(Extracted data entries)

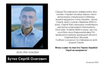 Бутко Сергій Олегович (20.05.1996-14.04.2024) Серце Полтавського університету економіки і торгівлі оплакує втрату свого випускника спеціальності «Менеджмент» відданого сина України – Бутка Сергія, який служив з березня 2022-го року. Сергій був стрільцем-снайпером десантно-штурмового батальйону. Поліг воїн 14 квітня 2024-го року. Це сталося біля села Новомихайлівка Покровського району Донецької області. Сергієві було 28 років. Глибоко сумуємо та […]
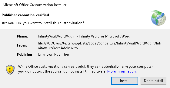 This documentation will walk you through installing the Infinity Vault Add-In for Microsoft Office.
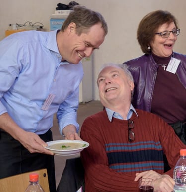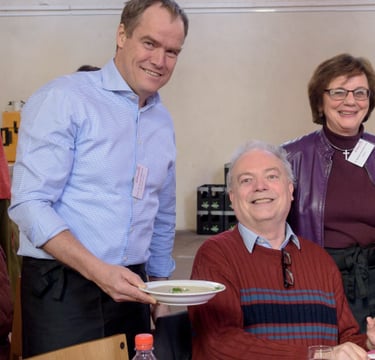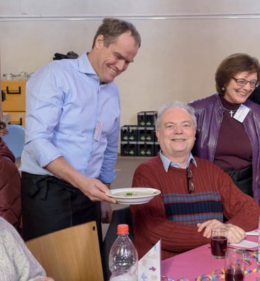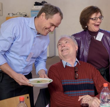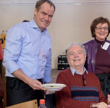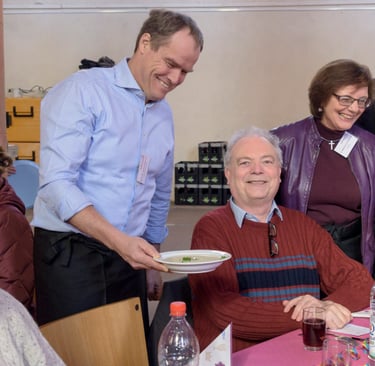 Lutherjahr 2017: Fototermin für die Rhein-Neckar-Zeitung Heidelberg bei einem Festakt in der Heidelberger Heiliggeistkirche: Oberbürgermeister Eckehard Würzner serviert Berthold Schlegel eine Suppe.
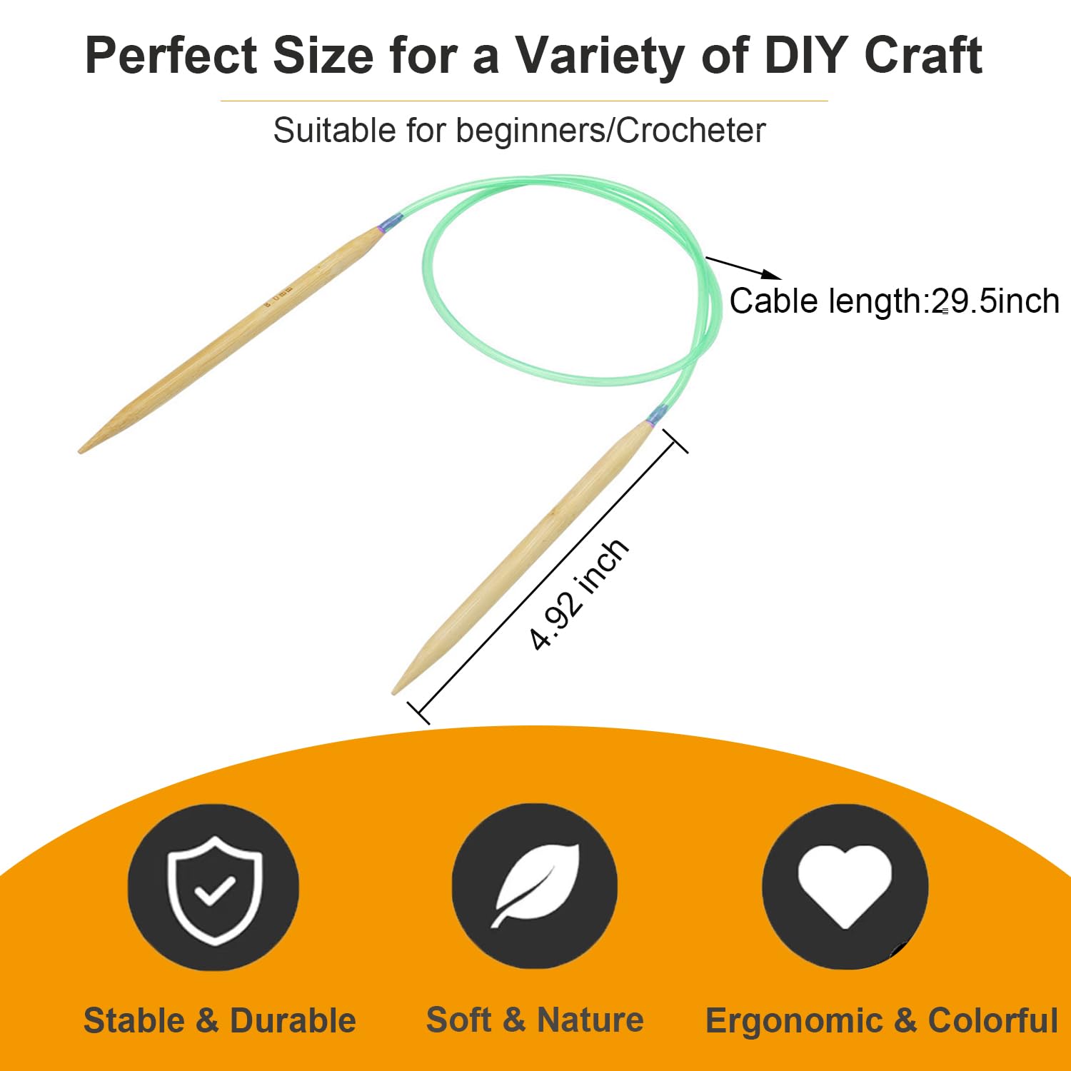 - Eco-Friendly Material: Our circular knitting needles are crafted from high-quality bamboo wood,are lightweight for comfort, smooth&longevity. The bamboo is natural material and cable colorful.The unique natural of bamboo add a touch of elegance to the knitting experience.
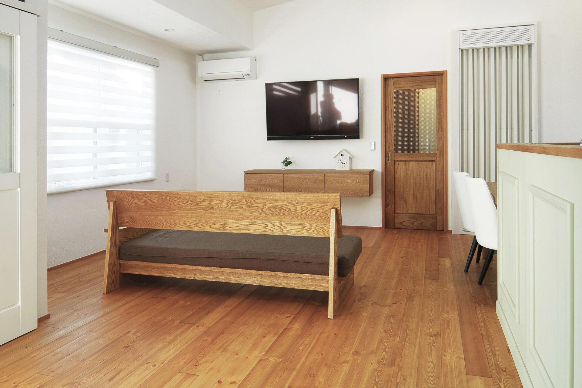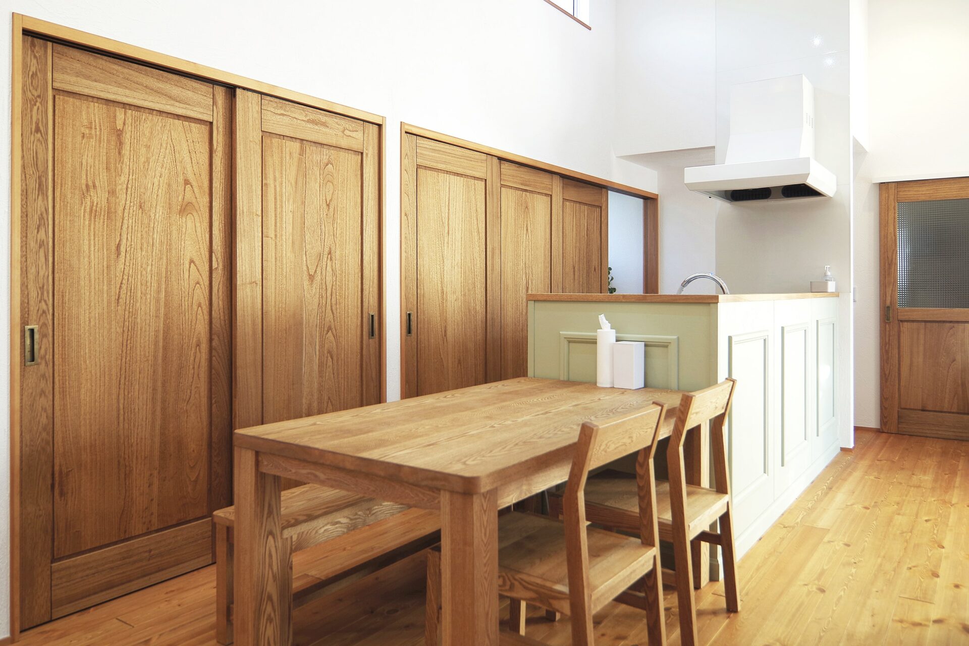 どうしても生活感が出てしまう背面収納は全て扉で隠す事ができます。扉は全て本社工場でつくられ、素材は桐の無垢材を使っています。
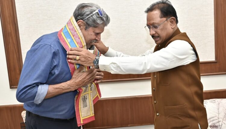 रायपुर: मुख्यमंत्री श्री विष्णु देव साय से आज नया रायपुर स्थित मुख्यमंत्री निवास कार्यालय में भारतीय क्रिकेट टीम के पूर्व कप्तान कपिल देव ने सौजन्य मुलाकात की। मुख्यमंत्री ने श्री कपिल देव को बेल मेटल से बनी प्रतिकृति, पुण्यभूमि छत्तीसगढ़ कॉफी टेबल बुक भेंट कर उनका अभिनंदन किया। मुलाकात के दौरान दोनों के बीच प्रदेश में खेलों को बढ़ावा देने, आधुनिक खेल अधोसंरचना के विकास, अंतरराष्ट्रीय स्तर के प्रशिक्षण केंद्र तथा प्रतिभाशाली खिलाड़ियों को तैयार करने जैसे विषयों पर विस्तृत चर्चा हुई। इस दौरान मुख्यमंत्री के प्रमुख सचिव श्री सुबोध कुमार सिंह उपस्थित थे।
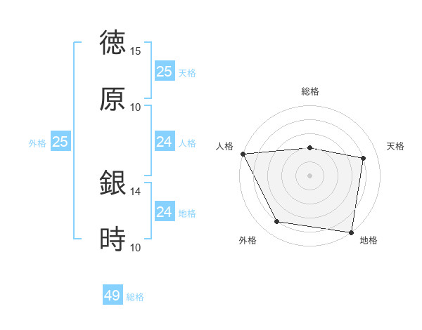 徳原 銀時さんの天格は25画の4点!

→ **Task details**
Please extract exactly the lines of the data, from the first through the line containing "Lutherjahr 2017: Fototermin", and add no pictures to the copy.

→ **Output**
 Бутко Сергій Олегович (20.05.1996-14.04.2024) Серце Полтавського університету економіки і торгівлі оплакує втрату свого випускника спеціальності «Менеджмент» відданого сина України – Бутка Сергія, який служив з березня 2022-го року. Сергій був стрільцем-снайпером десантно-штурмового батальйону. Поліг воїн 14 квітня 2024-го року. Це сталося біля села Новомихайлівка Покровського району Донецької області. Сергієві було 28 років. Глибоко сумуємо та […]
 This documentation will walk you through installing the Infinity Vault Add-In for Microsoft Office.
 Lutherjahr 2017: Fototermin für die Rhein-Neckar-Zeitung Heidelberg bei einem Festakt in der Heidelberger Heiliggeistkirche: Oberbürgermeister Eckehard Würzner serviert Berthold Schlegel eine Suppe.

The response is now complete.